Course Overview¶
Computer Simulations for Philosophy, Politics and Economics
Spring 2021
Eric Pacuit
epacuit@umd.edu
University of Maryland
Computer simulations have been used for almost as long as there have been computers. The earliest scientific use of computer simulations were for physics and engineering. Increasingly people are also employing computer simulation to understand social behavior both in humans and other animals. This class is about the nuts and bolts of computer simulation of social behavior and about the underlying theory behind this work. The course also discusses the philosophical issues that arise when evaluating the use of computational and mathematical models in economics and philosophy. During the course, students will gain hands-on experience developing simulations in Python. Although some previous programming experience will be helpful, the course will be completely self-contained.
Warning
This class website is under active development, and content will be added throughout the duration of the course.
Topics (tentative)¶
Schelling’s Model of Segregation
Iterated Prisoner’s Dilemma
Opinion Dynamics: Hegselmann-Krause Model
Deliberation and Polarization
Epistemic Democracy and the Condorcet Jury Theorem
Simulating Elections
Computational Tools¶
Python 3
Jupyter Notebooks (https://jupyter.org/)
Literate programming: Interactive documents (written in markdown/LaTeX) explaining the model and the code.
Data science toolkit: scipy, numpy, pandas, …
Visualization: matplotlib, seaborn, altair, etc.
Special packages: mesa, axelrod, preflib tools
Mathematical Background¶
Networks (Graph Theory)
Basic Game Theory
Basic Probability Theory
Voting Theory
Agent-Based Modeling¶
Agent-based simulations are used in many different areas:
Ross A. Hammond, Considerations and Best Practices in Agent-Based Modeling to Inform Policy, NCBI, 2015.

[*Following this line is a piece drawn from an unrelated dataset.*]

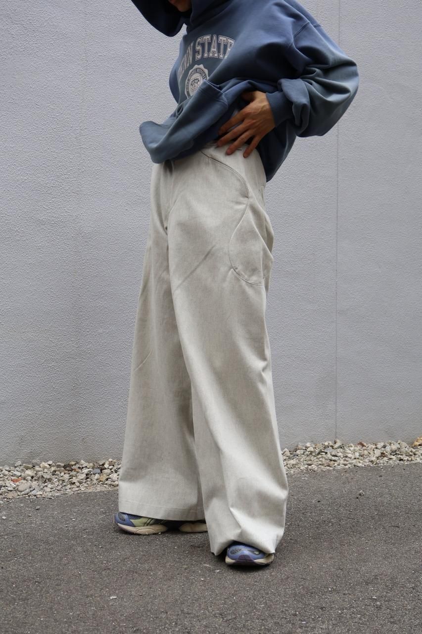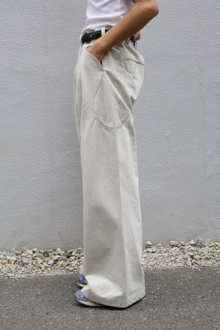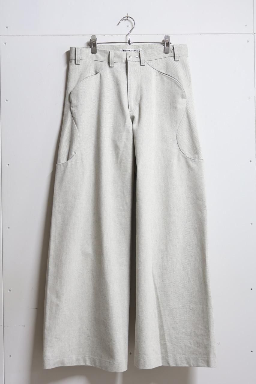 大きく3面で構成されており、一筆書きの様に曲線を描きながら後ろヨークから前へポケットの機能を加えながら繋がっているため、サイドシームが無くなり着用時のストレスを軽減する仕様となります。

In this coure, we are focused on simulations used in Philosophy (especially Social Epistemology), Politics and Economics:
Conor Mayo-Wilson and Kevin J.S. Zollman, The Computational Philosophy: Simulation as a Core Philosophical Method. Preprint, 2020.
J. McKenzie Alexander, The Structural Evolution of Morality. Cambridge University Press, 2007.
Mostapha Diss and Vincent Merlin (eds.), Evaluating Voting Systems with Probability Models: Essays by and in Honor of William Gehrlein and Dominique Lepelley. Springer, 2021.
Weekly Schedule¶
Mathematical background
Explain the model
Learn how to code the model
Explore the model
Evaluate the model
NetLogo¶
NetLogo (https://ccl.northwestern.edu/netlogo/) is a powerful framework for creating agent-based simulations. It is a programming environment created in Java (although you do not need to know Java to use NetLogo).
There is a web version of NetLogo: http://www.netlogoweb.org/
With NetLogo you can quickly create an agent-based model with animation (e.g., see the Schelling Model of Segregation)
There are a number of books written about NetLogo:
Uri Wilensky and William Rand, An Introduction to Agent-Based Modeling: Modeling Natural, Social, and Engineered Complex Systems with NetLogo, The MIT Press, 2015.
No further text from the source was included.